Let's sum up the activations of all neurons in the network, and look at the result. Note we first center the activation to have mean zero. From here on, everything is linear, as the unembedding is linear. Each neurons average value corresponds to a constant vector added to the logits, so the total effect of all neurons is adding a constant vector to the logits, which doesn't affect probabilites.

In [10]:
hidden_activations_centred = hidden_activations - einops.reduce(hidden_activations, 'region order1 order2 neuron -> 1 neuron', 'mean')
fourier_activations_centred = fft2d(hidden_activations_centred, group.fourier_basis, stack=True)
imshow_fourier(fourier_activations_centred.pow(2).mean([0, -1]), group.fourier_basis_names, title=f'Average Norm of 2d Fourier Coefficients of hidden activations (excl constant)')

## Neuron Clustering

Each neuron seems to activate for a particular frequency. Let's see how much of the neurons activation and variance this frequency can explain.



In [11]:
def extract_freq_2d(tensor, freq):
    # Takes in a pxpx... tensor, returns a 3x3x... tensor of the linear and quadratic terms of frequency freq
    index_1d = [0, 2*freq-1, 2*freq]
    # Some dumb manipulation to use fancy array indexing rules
    # Gets the rows and columns in index_1d
    return tensor[[[i]*3 for i in index_1d], [index_1d]*3]

neuron_freqs = []
neuron_frac_explained = []
for n in range(fourier_activations.shape[3]):
    best_frac_explained = -1
    best_freq = -1
    neuron_norm = fourier_activations[:, :, :, n].pow(2).sum()
    for freq in range(1, group.fourier_basis.shape[0]//2):
        frac_explained = 0
        for region in fourier_activations:
            frac_explained += (extract_freq_2d(region[:, :, n], freq).pow(2).sum() / neuron_norm).item()
        if frac_explained > best_frac_explained:
            best_frac_explained = frac_explained
            best_freq = freq
    neuron_freqs.append(best_freq)
    neuron_frac_explained.append(best_frac_explained)

scatter(x=neuron_freqs, 
        y=neuron_frac_explained, 
        labels={'x':'Neuron frequency', 
                'y':'Frac explained'},
        color_continuous_scale='Viridis')

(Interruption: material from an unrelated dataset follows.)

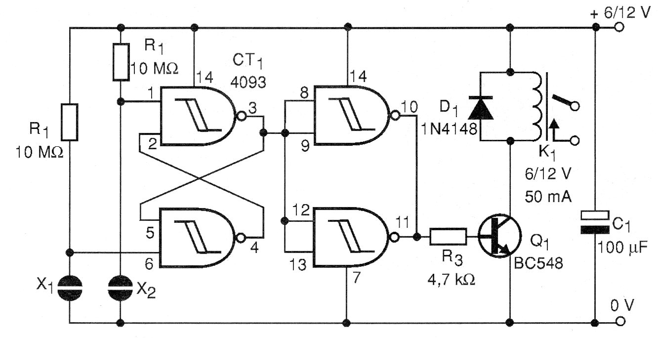 In a bistable circuit, as shown in the figure, we use two sensors. When one of them is touched, the circuit turns on and when the other is touched, it turns off. Resistors R1 and R2 determine the sensitivity and in this case the load consists of a relay with coil current up to 100 mA. The supply can be done with voltages from 5 to 12 V depending on the relay coil. A Darlington NPN can be used to directly control higher power loads. One possibility is the TIP110 for loads up to 1 A. The sensors are like to the one used in the previous project and there is also a recommendation to use an isolated source or battery in the supply. For assembly, both the common printed circuit board and the contact matrix option are available.

neuron_freqs = np.array(neuron_freqs)
neuron_frac_explained = np.array(neuron_frac_explained)
key_freqs, neuron_freq_counts = np.unique(neuron_freqs, return_counts=True)


for i in range(len(key_freqs)):
    print(f'Cluster {i}: freq {key_freqs[i]}. {(neuron_freqs==key_freqs[i]).sum()} neurons')

Cluster 0: freq 2. 18 neurons
Cluster 1: freq 3. 16 neurons
Cluster 2: freq 9. 10 neurons
Cluster 3: freq 10. 15 neurons
Cluster 4: freq 11. 12 neurons
Cluster 5: freq 19. 15 neurons
Cluster 6: freq 21. 14 neurons
Cluster 7: freq 25. 28 neurons


### TODO: Validations

To validate that the neurons in the specific frequency clusters aren't doing anything with the other frequencies, we can set terms for any other frequency to zero. The resulting loss is close to baseline.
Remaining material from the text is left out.